Shared Reading as an Early Intervention Approach
Shared book reading is considered an effective practice for enhancing language and literacy development among both monolingual and EL children (Adesope, Lavin, Thompson, & Ungerleider, 2011; Lonigan & Shanahan, 2010). During shared book reading, an adult reads with one or more children and may use interactive practices such as dialogic reading techniques to engage the children or reinforce specific words or ideas from the text (U.S. Department of Education, Institute of Education Sciences, What Works Clearinghouse, 2015). Shared reading can be considered both a social and an educational practice (Barton, Hamilton, & Ivanic, 2000) and is commonly employed as a vehicle for delivering specific educational interventions, such as vocabulary or early literacy instructional programs (Justice, Kaderavek, Fan, Sofka, & Hunt, 2009; Lugo-Neris, Wood Jackson, & Goldstein, 2010).
For young ELs, shared reading interventions are among the most common early language focused intervention reported in the early intervention literature (Larson et al., 2018). Based on a systematic review of language-focused interventions for culturally and linguistically diverse children (Larson et al., 2018), specific intervention components are often highlighted as critical for the intervention’s success. These active ingredients include the frequency of shared reading, adults’ use of language during reading (Gesell, Wallace, Tempesti, Hux, & Barkin, 2012), as well as rich explanation of words (Collins, 2010). Other studies have highlighted specific strategies employed during shared reading, such as dialogic reading strategies (Reese, Leyva, Sparks, & Grolnick, 2010), preview/review (Leacox & Wood Jackson, 2014), children’s story creations or retells (Bernhard, Winsler, Bleiker, Ginieniewicz, & Madigan, 2008), and the incorporation of home language (Lugo-Neris et al., 2010; Wood et al., in press). Although effective shared reading interventions vary in the specific features employed, the language-rich interactions that occur during shared reading and the resulting creation of a literacy-rich environment appear to contribute to their success and continued use and popularity.
The popularity of shared book reading interventions may be further explained by several appealing aspects. Shared reading does not require many physical resources beyond a selection of books, and books are easily accessible through public libraries in the United States. The same set of books may be read repeatedly with positive impacts on children (Koskinen et al., 2000).
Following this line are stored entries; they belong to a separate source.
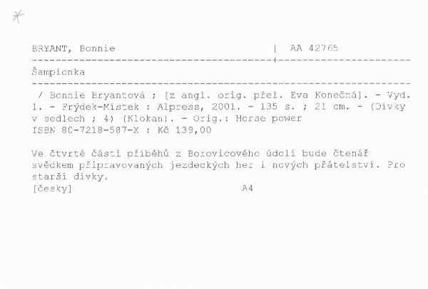 | Autor | Bonnie Bryantová ; [z angl. orig. přel. Eva Konečná] |
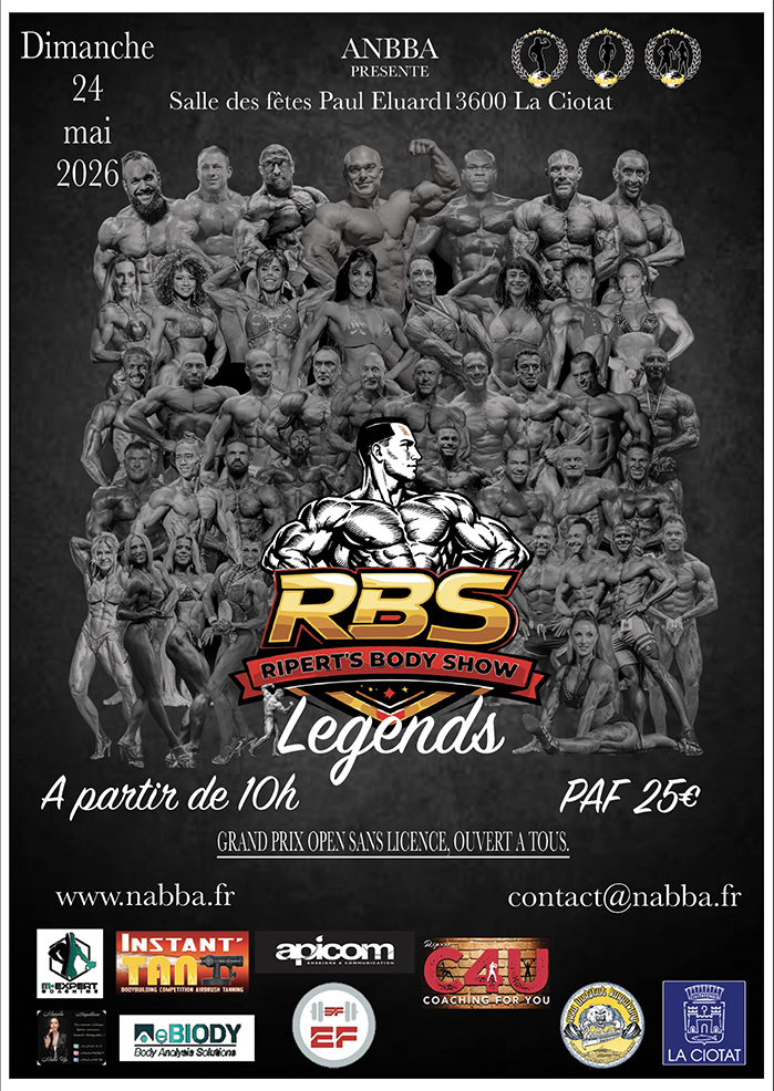 Le Ripert’s Body Show 2026 aura lieu le dimanche 24 mai 2026 à La Ciotat. Les inscriptions, toise et pesée se feront la veille sur place de 17h à 20h. Pour ceux qui ne font pas partie des catégories avec toise et pesée, il y a quand même la possibilité de venir le samedi. Sinon ce sera le dimanche matin à l’heure qui vous sera communiquée plus tard. Vous pourrez aussi mettre votre première couche te Tan avec notre partenaire Instant TAN tanning de compétition , le samedi entre 17h et 20H.
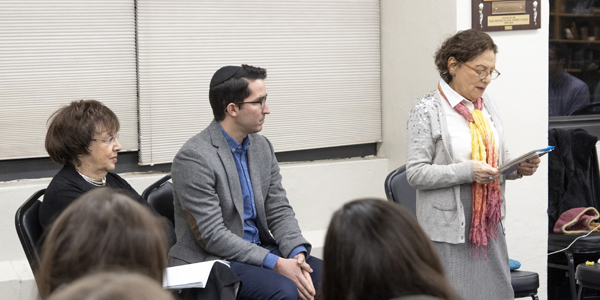 The discussion centered around the tension between what Fein called “performative education” and education for engagement and authenticity. The former focuses on making the proper gestures: people meet in a darkened auditorium, six candles are lit, everyone sings Hatikvah and Yom HaShoah has been observed. The latter effort aims for more than ritual; the goal is to have what people learn about the Holocaust transform their lives in a material and proactive way. “The only way to educate for memory,” said Fein, “is to build the conditions for engagement that demands an action: if not that, then what is the point?” Rosenberg agreed, noting that how the hundreds of interviews Names, Not Numbers has conducted are not only done to preserve the memories and stories of the original generation of survivors but also to turn the newest generations into advocates for preserving this history. She suggested a number of ways people can practice advocacy, from simply meeting with survivors and recording their stories to lobbying local and state governments to make Holocaust education mandatory at all levels. (For more information about the work that Names, Not Numbers has done at Yeshiva University, click here and here.) Elbogen demonstrated a little of what Fein and Rosenberg were getting at when they spoke about engagement and authenticity by reading from her book of poems, God Plays Hide and Seek. In these poems, as she explained, “I see myself as a teacher able to help others understand that if we choose to, we are able to leave behind the notion of being victims and embrace life, living it to the fullest.” Read about what Yeshiva University does to promote Holocaust education: International Holocaust Remembrance Day, Reflections on the State of Holocaust Education and Remembering the 80th Anniversary of Kristallnacht.
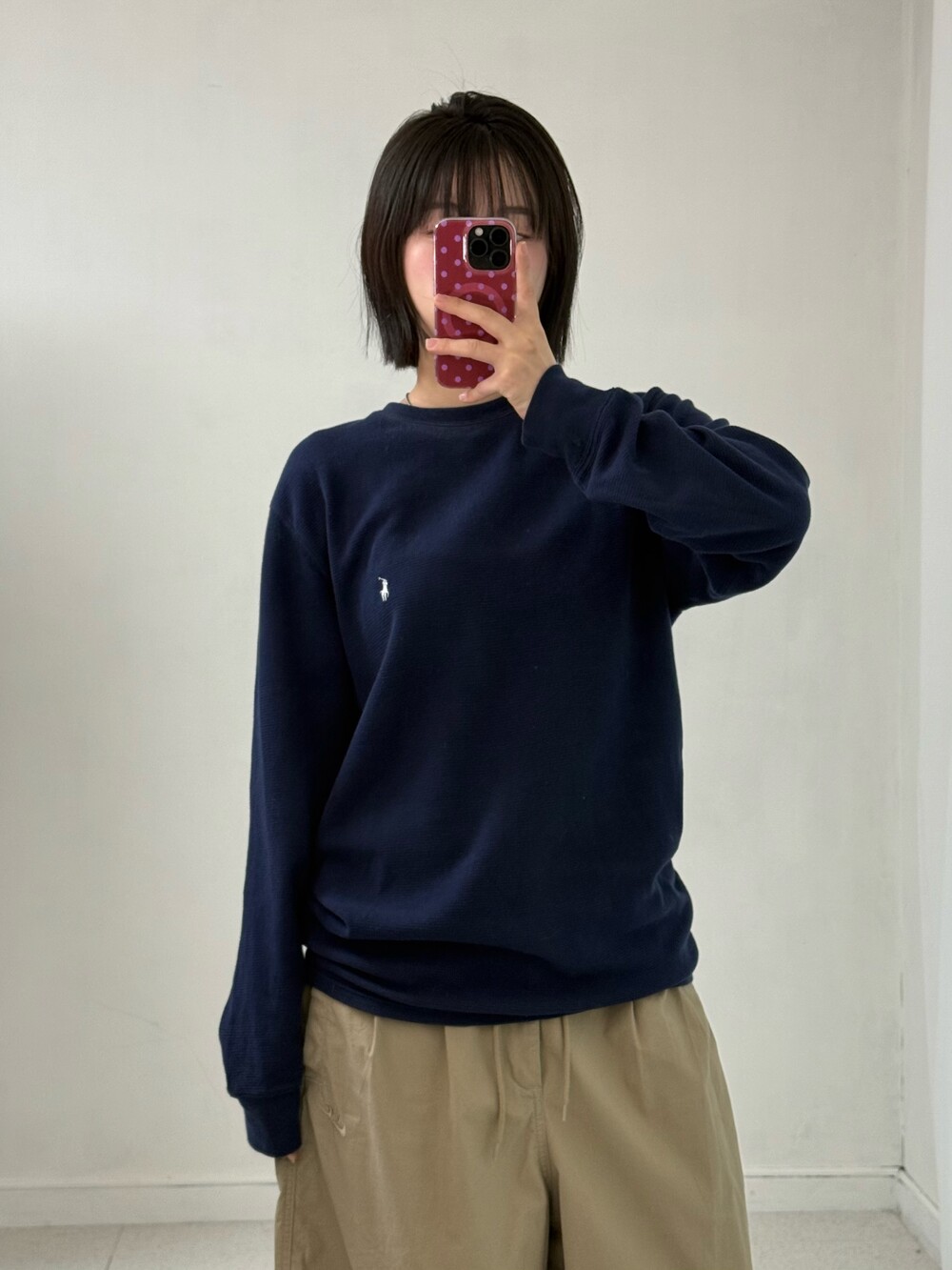 •폴로 네이비 와플 니트 롱슬리브에요! 촤르륵 떨어지는 루즈핏에 부드러운 원단감까지! 봄에 주구장창 입어주시기 좋은 녀석이에요ㅎㅎ
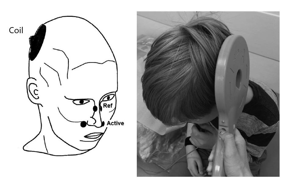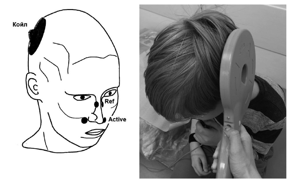 При проведении периферической ТМС ЛН используется стандартный кольцевой койл диаметром 9 см, который позволяет зарегистрировать достоверный, воспроизводимый ВМО с мимических мышц. Койл в виде «восьмерки» и кольцевой койл меньшего диаметра не применяются, что связано с меньшей мощностью производимого стимулирующего разряда при существующих анатомо-функциональных особенностях детского возраста. Для регистрации ВМО проводят супрамаксимальную стимуляцию с определением его порога (минимальная мощность индуктора, при которой регистрируется воспроизводимый ВМО амплитудой 50–100 мкВ) в затылочно-теменной области ипсилатерально исследуемой мышце (центр койла на 3 см кзади и 6 см латеральнее точки Cz по системе «10–20») (рис. 2). Регистрируют ВМО с максимальной амплитудой и минимальной латентностью, который воспроизводится в трех сериях стимуляции (рис. 1В, Г).

Because a disproportionate number of young ELs live in poverty (Ryan, 2013), the material demands of an intervention program can influence that program’s feasibility of implementation for ELs and their families. Poverty not only compounds ELs’ risk for reduced language and literacy achievement (Kieffer, 2010) but also creates practical barriers to service delivery (Hernandez, 2004). Consequently, educational activities that require few and readily available materials are particularly desirable.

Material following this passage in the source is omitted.